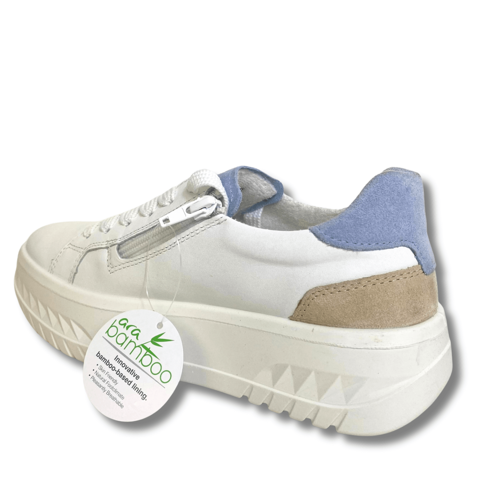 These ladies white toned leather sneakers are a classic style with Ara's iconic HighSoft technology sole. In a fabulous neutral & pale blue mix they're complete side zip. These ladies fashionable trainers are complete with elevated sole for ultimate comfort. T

----------

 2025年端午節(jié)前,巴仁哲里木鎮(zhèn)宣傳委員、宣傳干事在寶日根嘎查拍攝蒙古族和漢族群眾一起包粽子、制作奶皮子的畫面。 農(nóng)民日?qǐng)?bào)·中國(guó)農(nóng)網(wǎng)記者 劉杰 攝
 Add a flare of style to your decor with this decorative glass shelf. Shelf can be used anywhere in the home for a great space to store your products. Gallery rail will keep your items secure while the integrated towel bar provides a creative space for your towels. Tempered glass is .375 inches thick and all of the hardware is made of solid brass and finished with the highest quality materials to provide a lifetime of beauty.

----------

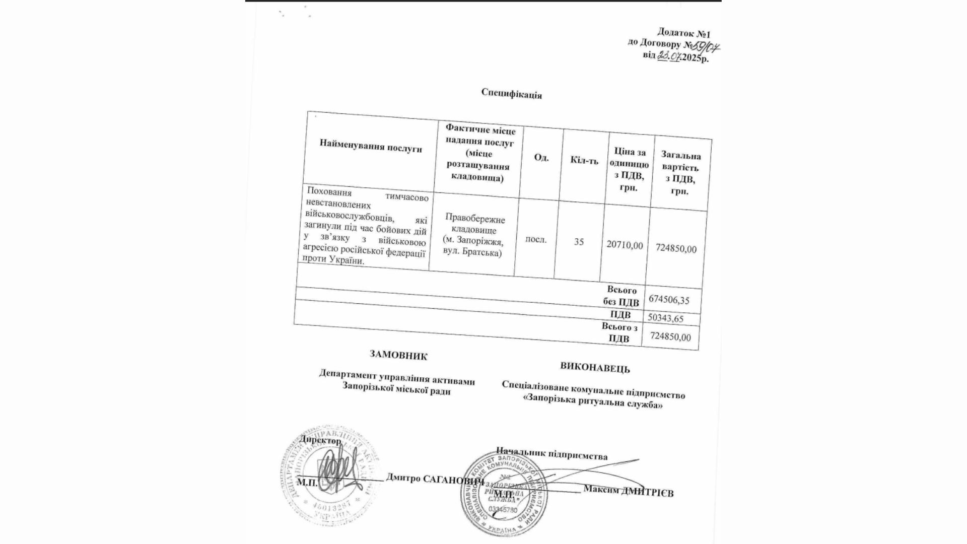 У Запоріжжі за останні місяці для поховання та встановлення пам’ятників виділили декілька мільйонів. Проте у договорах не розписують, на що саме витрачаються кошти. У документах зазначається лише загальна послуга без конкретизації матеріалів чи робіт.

----------

» **EXERCISE BRIEF**
From the material above, copy exactly the lines between the line holding "農(nóng)民日?qǐng)?bào)·中國(guó)農(nóng)網(wǎng)記者 劉杰 攝" and the line holding "Add a flare", inclusive, and only those.

» **SOLUTION TO THE EXERCISE**
 2025年端午節(jié)前,巴仁哲里木鎮(zhèn)宣傳委員、宣傳干事在寶日根嘎查拍攝蒙古族和漢族群眾一起包粽子、制作奶皮子的畫面。 農(nóng)民日?qǐng)?bào)·中國(guó)農(nóng)網(wǎng)記者 劉杰 攝
 Add a flare of style to your decor with this decorative glass shelf. Shelf can be used anywhere in the home for a great space to store your products. Gallery rail will keep your items secure while the integrated towel bar provides a creative space for your towels. Tempered glass is .375 inches thick and all of the hardware is made of solid brass and finished with the highest quality materials to provide a lifetime of beauty.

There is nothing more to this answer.